April 19--With gasoline prices hovering just above $2 a gallon, experts have this advice for consumers: Get used to it.

The coming summer probably will see average prices right around current levels -- maybe a smidgen lower. The forecast is for about a 60-cent-per-gallon break from the average price last year and almost $1.50 a dollar a gallon cheaper than two summers ago, according to the U.S. Energy Information Administration.

This summer could be the cheapest driving season since 2004, the agency said in its latest outlook. For reference, the Kansas City Royals were hapless 104-game losers in 2004.

Not that low gasoline prices will change Kansas City drivers' plans much. Drivers felt the budget pinch at nearly $4 a gallon a lot more than they're seeing money pile up in bank accounts at $2 a gallon.

For all of 2016, lower prices at the pump will save the average household budget $350, the energy agency estimated.

"It still gets spent," said Eric Meo, a business owner who spends about $8,000 a year on gasoline between miles on work vehicles and at home.

Meo was filling up his work truck at a QuikTrip Monday afternoon with his 3-year-old daughter on his hip. Although he bought more fuel-efficient vehicles a few years ago, he still spends plenty on gas.

Nor does $2 gas seem all that cheap, given that prices in Oklahoma were flirting with a dive to $1 a gallon in February.

"I think that they're decent," said Vanessa Pasco, a Kansas City resident who filled up Monday afternoon at a QuikTrip. "A couple of years ago, it was a lot more costly. I can definitely live with the price of gas" where it is now, she said.

Gasoline should remain affordable this summer despite the traditional driving season peak in prices and despite the energy agency's other forecast for a record amount of consumption this year.

"It's just all economics," said Sean Hill, an economist at the energy agency.
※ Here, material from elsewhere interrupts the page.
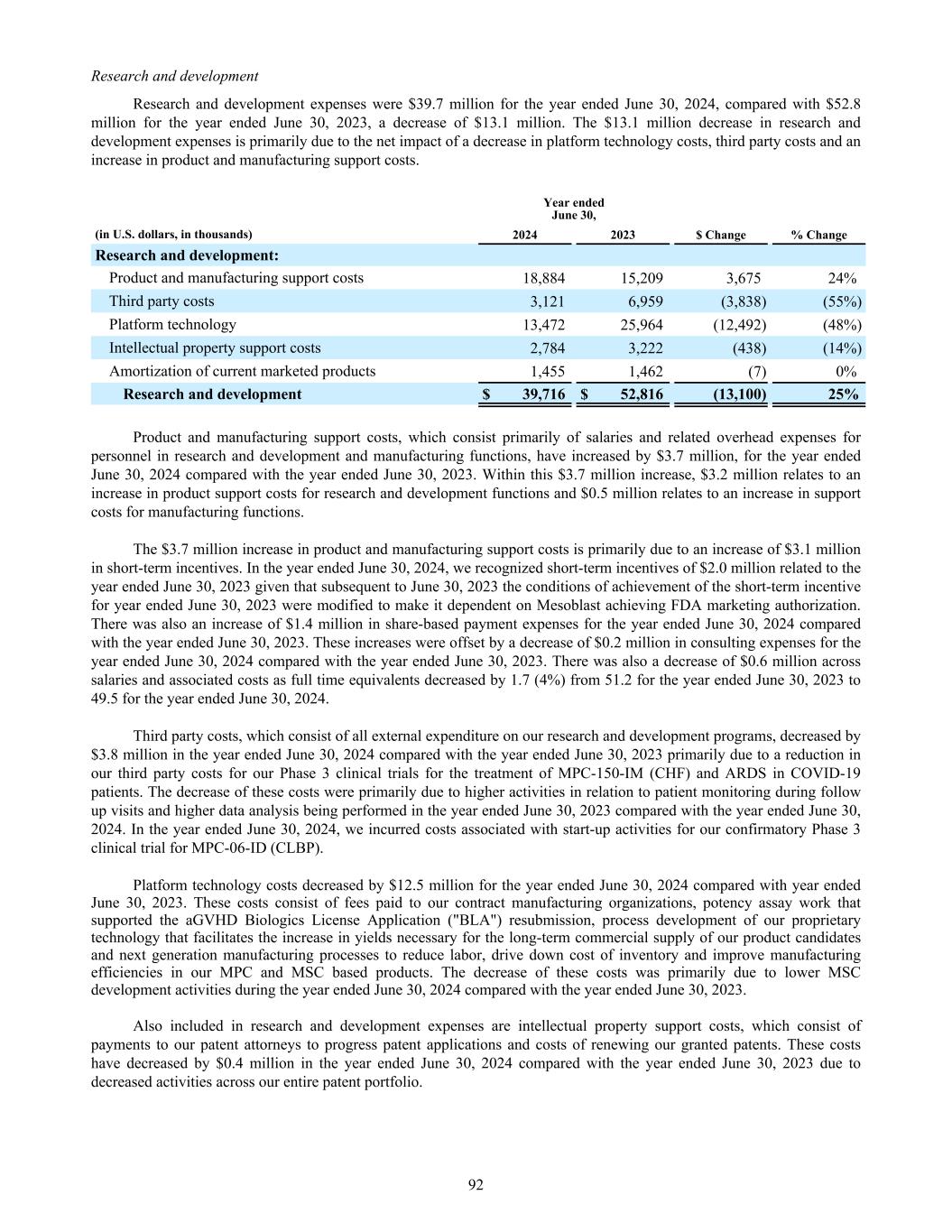 Research and development Research and development expenses were $39.7 million for the year ended June 30, 2024, compared with $52.8 million for the year ended June 30, 2023, a decrease of $13.1 million. The $13.1 million decrease in research and development expenses is primarily due to the net impact of a decrease in platform technology costs, third party costs and an increase in product and manufacturing support costs. Year ended June 30, (in U.S. dollars, in thousands) 2024 2023 $ Change % Change Research and development: Product and manufacturing support costs 18,884 15,209 3,675 24% Third party costs 3,121 6,959 (3,838) (55%) Platform technology 13,472 25,964 (12,492) (48%) Intellectual property support costs 2,784 3,222 (438) (14%) Amortization of current marketed products 1,455 1,462 (7) 0% Research and development $ 39,716 $ 52,816 (13,100) 25% Product and manufacturing support costs, which consist primarily of salaries and related overhead expenses for personnel in research and development and manufacturing functions, have increased by $3.7 million, for the year ended June 30, 2024 compared with the year ended June 30, 2023. Within this $3.7 million increase, $3.2 million relates to an increase in product support costs for research and development functions and $0.5 million relates to an increase in support costs for manufacturing functions. The $3.7 million increase in product and manufacturing support costs is primarily due to an increase of $3.1 million in short-term incentives. In the year ended June 30, 2024, we recognized short-term incentives of $2.0 million related to the year ended June 30, 2023 given that subsequent to June 30, 2023 the conditions of achievement of the short-term incentive for year ended June 30, 2023 were modified to make it dependent on Mesoblast achieving FDA marketing authorization. There was also an increase of $1.4 million in share-based payment expenses for the year ended June 30, 2024 compared with the year ended June 30, 2023. These increases were offset by a decrease of $0.2 million in consulting expenses for the year ended June 30, 2024 compared with the year ended June 30, 2023. There was also a decrease of $0.6 million across salaries and associated costs as full time equivalents decreased by 1.7 (4%) from 51.2 for the year ended June 30, 2023 to 49.5 for the year ended June 30, 2024. Third party costs, which consist of all external expenditure on our research and development programs, decreased by $3.8 million in the year ended June 30, 2024 compared with the year ended June 30, 2023 primarily due to a reduction in our third party costs for our Phase 3 clinical trials for the treatment of MPC-150-IM (CHF) and ARDS in COVID-19 patients. The decrease of these costs were primarily due to higher activities in relation to patient monitoring during follow up visits and higher data analysis being performed in the year ended June 30, 2023 compared with the year ended June 30, 2024. In the year ended June 30, 2024, we incurred costs associated with start-up activities for our confirmatory Phase 3 clinical trial for MPC-06-ID (CLBP). Platform technology costs decreased by $12.5 million for the year ended June 30, 2024 compared with year ended June 30, 2023. These costs consist of fees paid to our contract manufacturing organizations, potency assay work that supported the aGVHD Biologics License Application ("BLA") resubmission, process development of our proprietary technology that facilitates the increase in yields necessary for the long-term commercial supply of our product candidates and next generation manufacturing processes to reduce labor, drive down cost of inventory and improve manufacturing efficiencies in our MPC and MSC based products. The decrease of these costs was primarily due to lower MSC development activities during the year ended June 30, 2024 compared with the year ended June 30, 2023. Also included in research and development expenses are intellectual property support costs, which consist of payments to our patent attorneys to progress patent applications and costs of renewing our granted patents. These costs have decreased by $0.4 million in the year ended June 30, 2024 compared with the year ended June 30, 2023 due to decreased activities across our entire patent portfolio. 92

Officially, the agency forecasts $2.04 a gallon on average, nationwide, for regular unleaded gasoline at the pump this summer. It's an average so prices sometimes will be higher and sometimes lower.

But compare that with current pump prices, officially $2.07 on average nationally last week. The Kansas City area is seeing prices a bit lower than that.

Hill said big demand is being fed by big supply. Oil is everywhere and cheap because of it.

Credit OPEC, the oil-producing cartel that failed again over the weekend to agree to cut back production. Its inaction helped push crude markets in New York back below $40 a barrel Monday. That dip was despite a strike in Kuwait that cut into production there.

About that strike. The $2.04 average price this summer is a forecast. It depends on oil remaining abundant to keep up with abounding demand for gasoline.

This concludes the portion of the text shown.